Corporate Media | The Jackal

29 Nov 2011

Corporate Media

Yesterday, Wikileaks reported that the US government had demanded Wikileaks destroy all files about them:

WikiLeaks founder Julian Assange has told a media summit that the US government has ordered him to destroy all the material WikiLeaks holds on them – published and unpublished - and to stop using government insiders to gather fresh material. 
“[When we released our documents] the Pentagon said we must destroy everything we published and were going to publish,” Assange said. ”And if we didn’t, we would be ‘compelled to do so,’” the summit’s website says. 
Assange made the allegation as he addressed the News 2011 Summit in Hong Kong via Skype. News executives and media owners from over 80 countries have gathered there to discuss editorial principles and tools as well as business models for the news media. Reports say Assange has been under police pressure to stop talking – exactly the kind of oppressive official action he has been working to highlight. 
He was met with a storm of applause from journalists as he appeared on the screen. 
Speaking about modern journalism, Assange claimed it was facing crisis of a legitimacy today and accused the mainstream press of corruption and bias.

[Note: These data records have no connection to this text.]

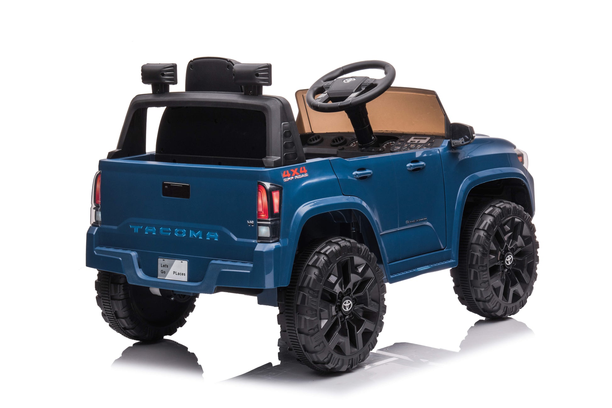 An officially licensed Toyota Tacoma Ride on Truck looks just like a real truck. It comes with almost everything a real car has, including remote control, digital display, LED lights, startup sound, 4 wear wheels, storage space, MP3 player, AUX input and flash drive port, which is very close to the complete experience. The ride can also connect to your smart device to play music or various audio files. There are also two doors that can be fully opened and closed to provide an authentic driving experience that kids will love. This great 12V 7An Kids Electric Car is more than just a toy, it's a ticket to endless fun and outdoor excitement.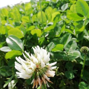 午前中─ 外畑に、 ジャガイモの様子を見に行ったら シロツメクサ(白詰草)が咲いていました🤗 別名─クローバー 花言葉…私を思って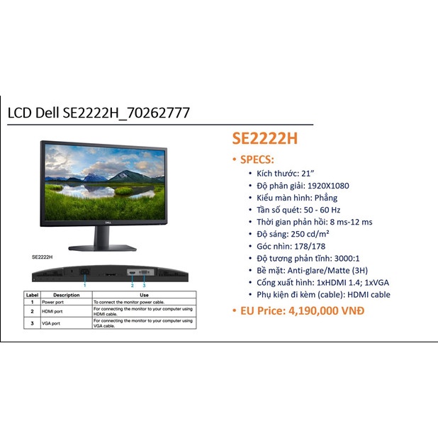 LCD DELL SE2222H là dòng sản phẩm màn hình máy tính phổ thông của hãng màn hình nổi tiếng thế giới Dell. Với thiết kế đơn giản, tinh tế, phù hợp với nhu cầu sử dụng để làm việc và học tập một cách rất phù hợp.
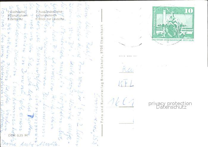 72474657 alte Postkarte Grossschoenau Sachsen Waldstrandbad Sprungturm Zeltplatz Gondelteich postalisch gelaufen Erhaltung siehe scans KatCode: 11110014286120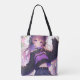 Personalisierte Tasche. Niedliches Anime-Mädchen mit Kopfhörer mit Katzenohren und einem lila und schwarzen Pullover. C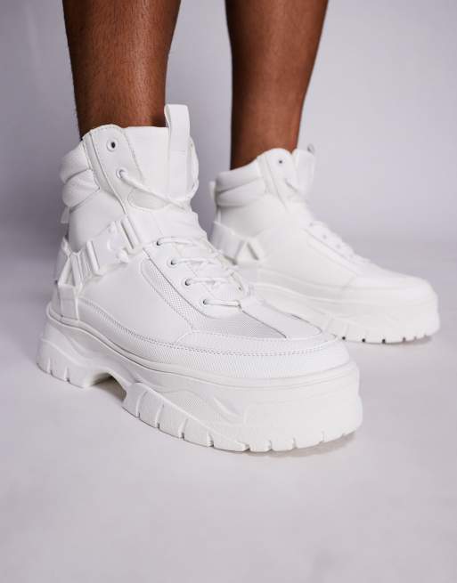ASOS DESIGN – Białe sznurowane botki w stylu worker z paskami i grubą podeszwą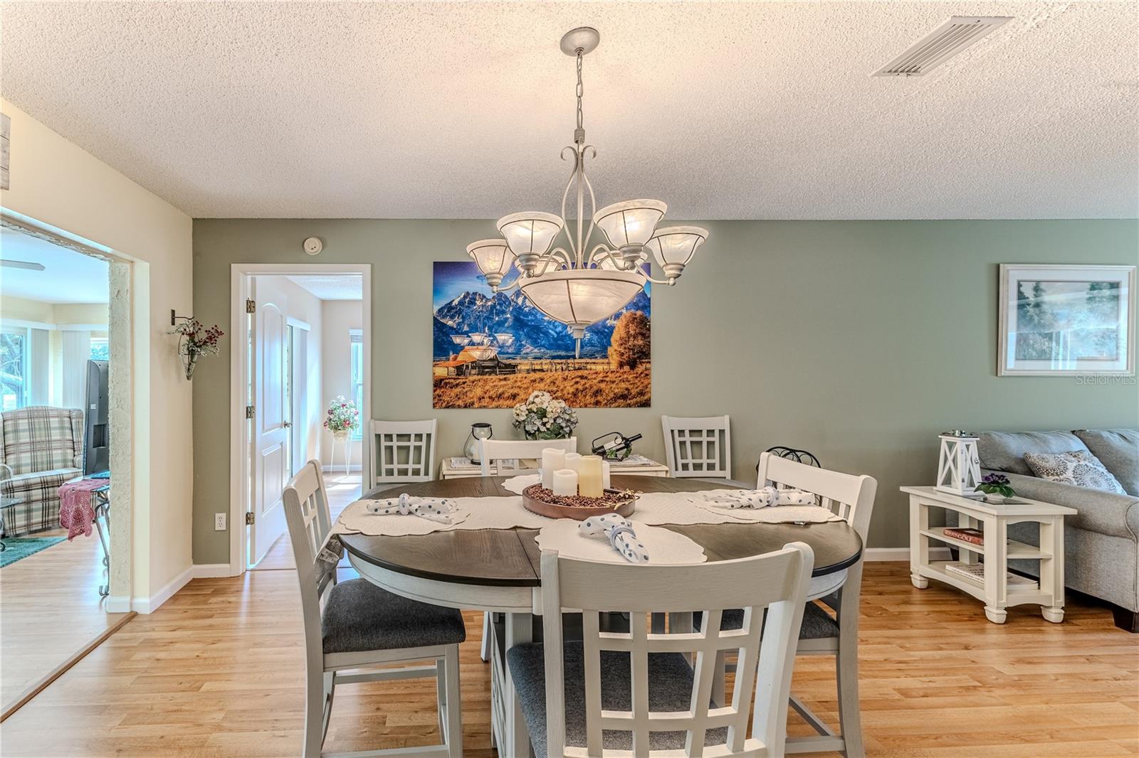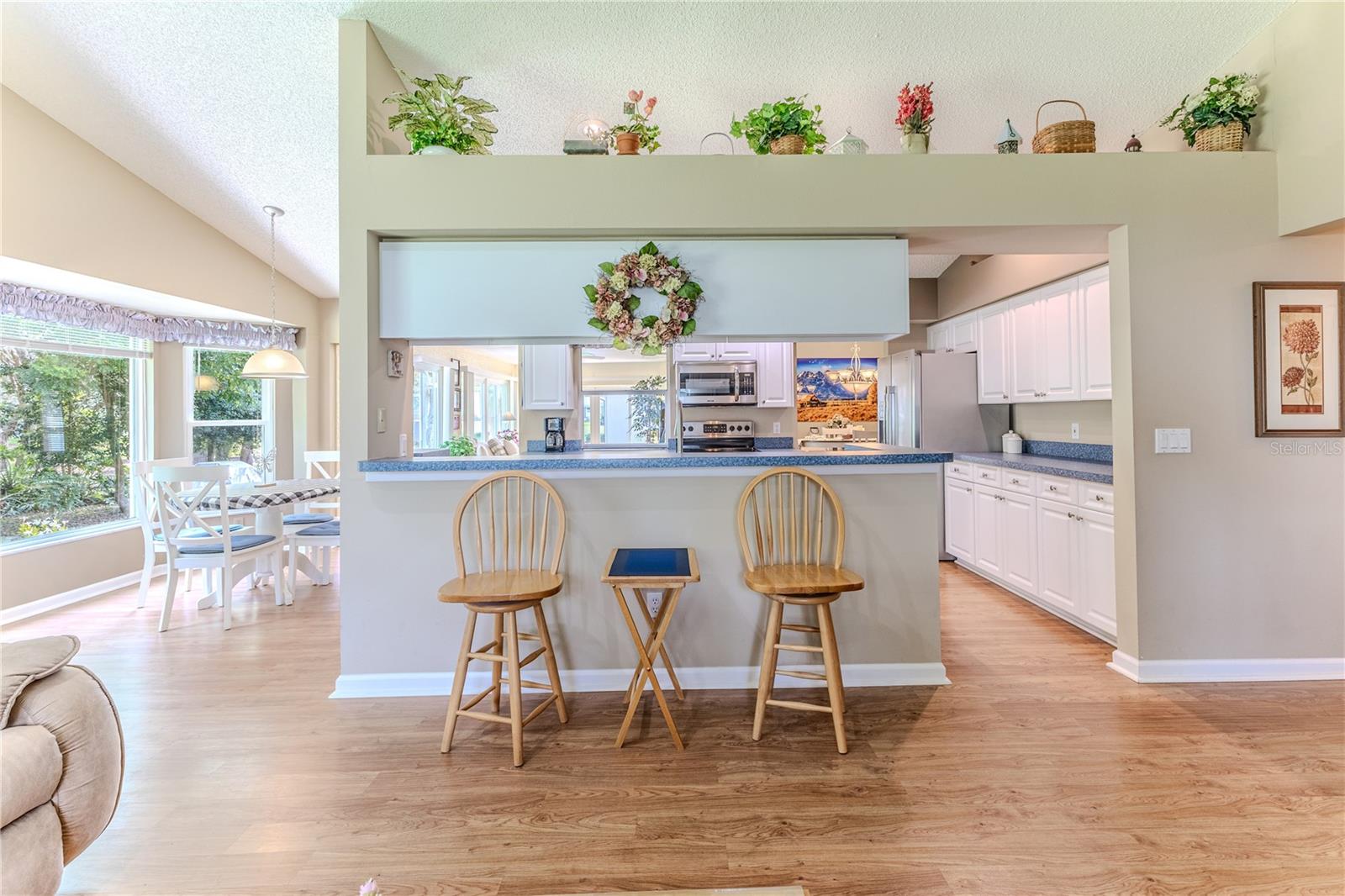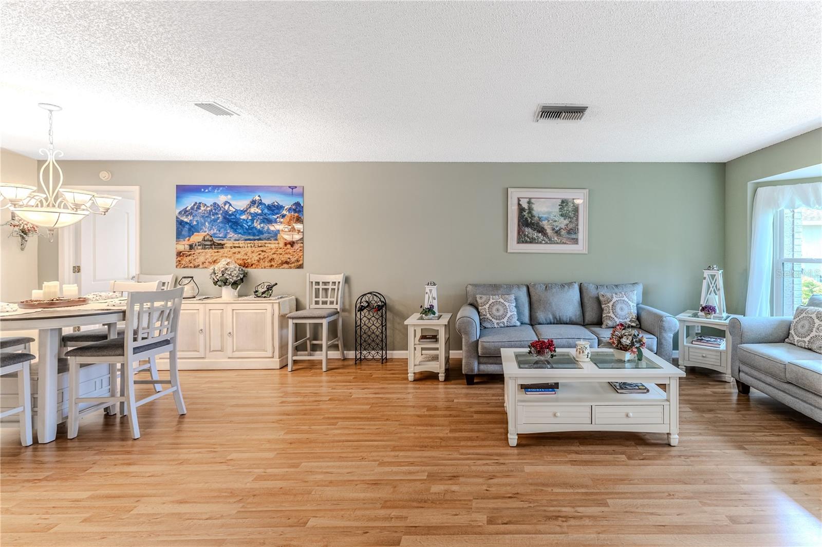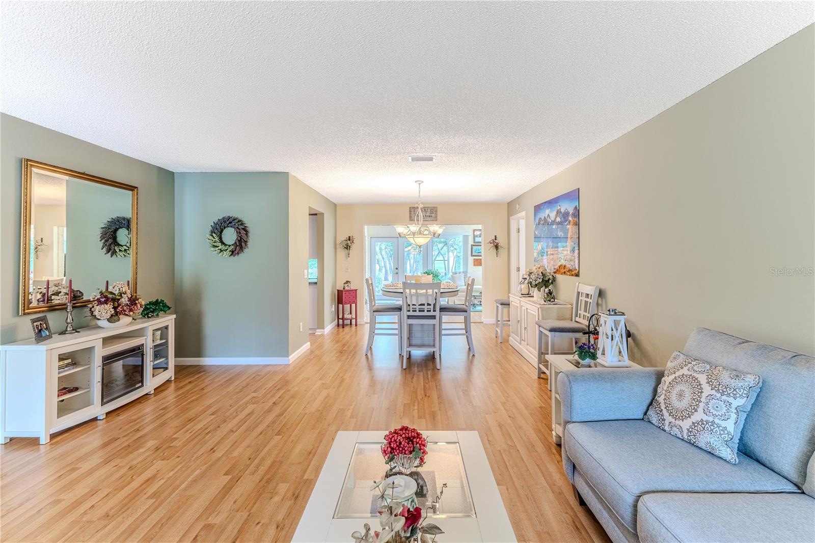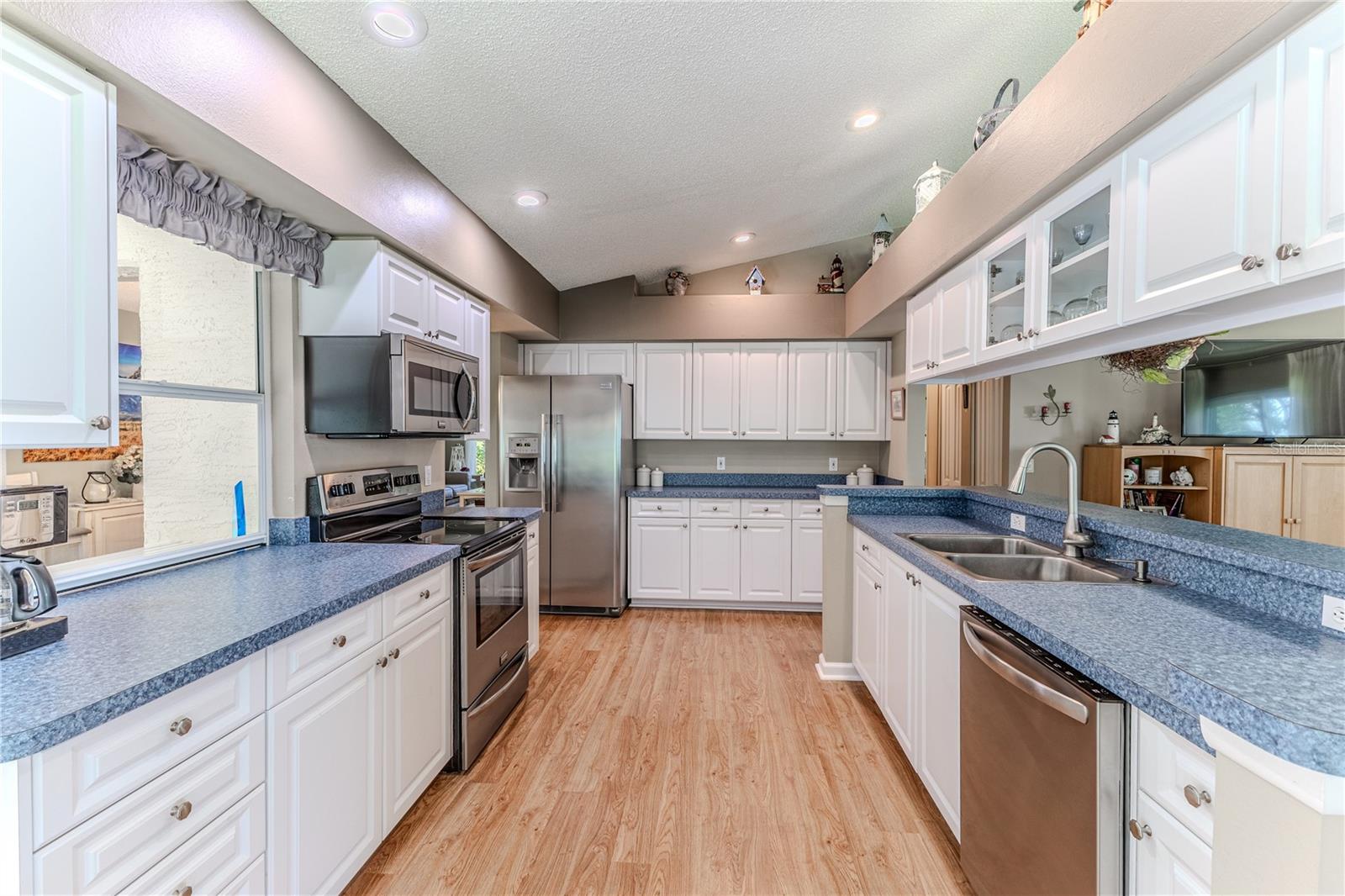 Bem-vindo a esta encantadora casa de 2 quartos e 2 banheiros, com vistas do buraco 5 no campo de golfe Grand Pines, com uma planta baixa desejável e muito espaço de estar. Entre na combinação de sala de estar e de jantar que cria uma entrada calorosa e convidativa. A casa também oferece uma lanai fechada espaçosa, perfeita como sala de família, escritório ou espaço flexível. A suíte primária inclui portas de vidro deslizantes para o Lanai, dois armários e um banheiro na suíte com pias de vaidade dupla, iluminação moderna, chuveiro e ladrilhos atualizados. O quarto de hóspedes também possui um grande closet e está convenientemente localizado perto do banho de hóspedes completo. A cozinha possui tetos abobadados, utensílios de aço inoxidável, armazenamento abundante de armários, dois armários de despensa e uma acolhedora área de jantar de janela de sacada com vista para o jardim e campo de golfe exuberante. A sala da família fora da cozinha facilita o entretenimento. A vida ao ar livre é uma delícia com um pátio de pavimentação com vista para os jardins exuberantes e vistas de campo de golfe. Destaques adicionais incluem uma lavanderia interna com pia, armários e armário de armazenamento, além de uma garagem de 2 carros com bancada e prateleiras. Telhado 2012. Windows 2019. HVAC 2021. Sprinklers no poço. Esta casa combina charme, funcionalidade e um belo cenário - pronto para seus novos proprietários desfrutarem!

Julian Assange is right! Many mainstream media reporters are biased, mainly because of who pays their wages. However the difficulty is that some journalists are not corrupt and therefore it needs to be said that they undertake a credible role in reporting the truth.

Unfortunately factual reporting has been declining worldwide over the last few years... and especially in New Zealand. The continued underreporting of many important issues just one indicator that New Zealand's mainstream media and their watchdogs are biased.

Here's Goerge Monbiot on the media:

So the rightwing papers run endless exposures of benefit cheats, yet say scarcely a word about the corporate tax cheats. They savage the trade unions and excoriate the BBC. They lambast the regulations that restrain corporate power. They school us in the extrinsic values – the worship of power, money, image and fame – which advertisers love but which make this a shallower, more selfish country. Most of them deceive their readers about the causes of climate change. These are not the obsessions of working people. They are the obsessions thrust upon them by the multimillionaires who own these papers. 
The corporate media is a gigantic astroturfing operation: a fake grassroots crusade serving elite interests. In this respect the media companies resemble the Tea Party movement, which claims to be a spontaneous rising of blue-collar Americans against the elite but was founded with the help of the billionaire Koch brothers and promoted by Murdoch's Fox News.

I totally agree with him. So what are we going to do about it?